┌────────

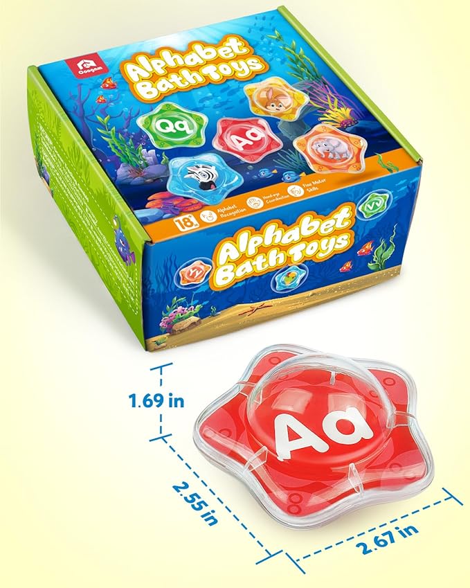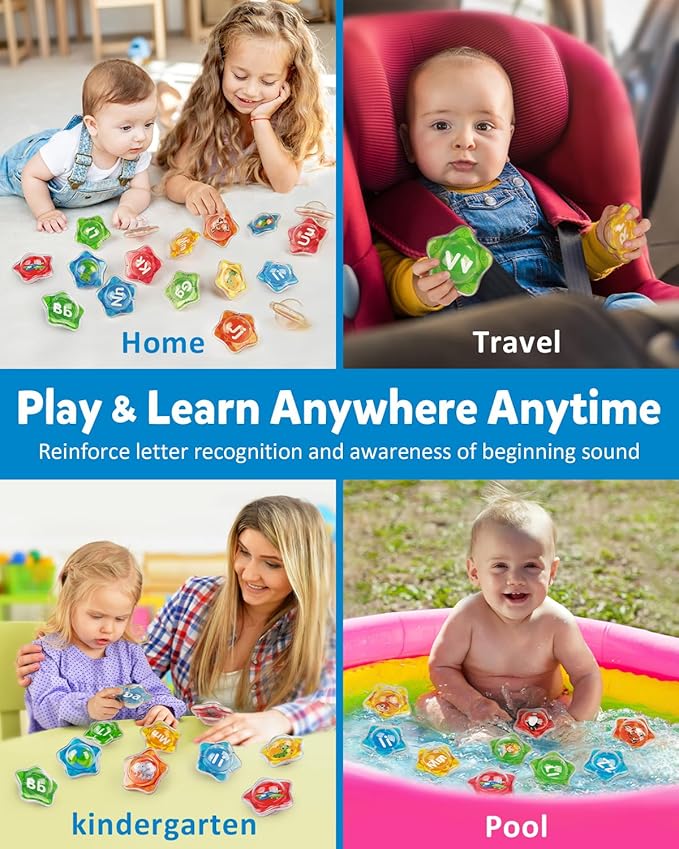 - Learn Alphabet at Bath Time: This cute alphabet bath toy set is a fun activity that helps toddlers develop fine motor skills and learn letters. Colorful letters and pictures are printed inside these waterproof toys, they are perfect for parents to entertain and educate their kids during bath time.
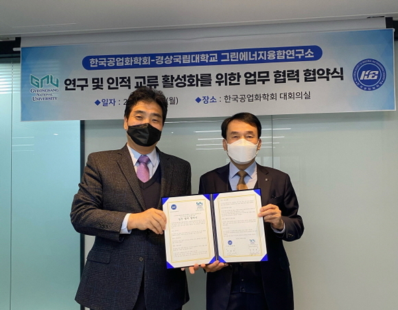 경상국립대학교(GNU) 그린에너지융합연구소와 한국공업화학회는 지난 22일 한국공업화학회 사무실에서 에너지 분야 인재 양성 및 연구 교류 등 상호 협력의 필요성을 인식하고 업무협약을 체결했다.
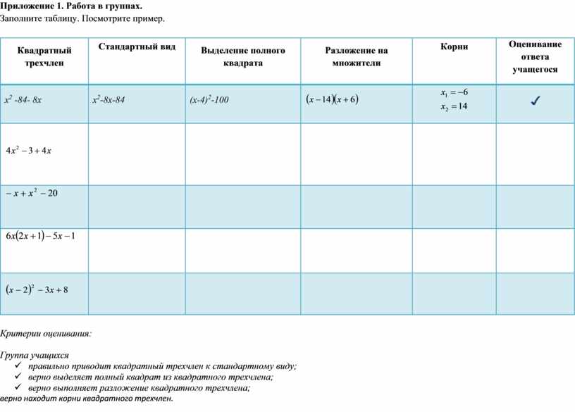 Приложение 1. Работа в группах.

└────────

§ PROMPT: Restate the whole listing above exactly, please, omitting every image.

§ REPLY:
 - Learn Alphabet at Bath Time: This cute alphabet bath toy set is a fun activity that helps toddlers develop fine motor skills and learn letters. Colorful letters and pictures are printed inside these waterproof toys, they are perfect for parents to entertain and educate their kids during bath time.
 경상국립대학교(GNU) 그린에너지융합연구소와 한국공업화학회는 지난 22일 한국공업화학회 사무실에서 에너지 분야 인재 양성 및 연구 교류 등 상호 협력의 필요성을 인식하고 업무협약을 체결했다.
 Приложение 1. Работа в группах.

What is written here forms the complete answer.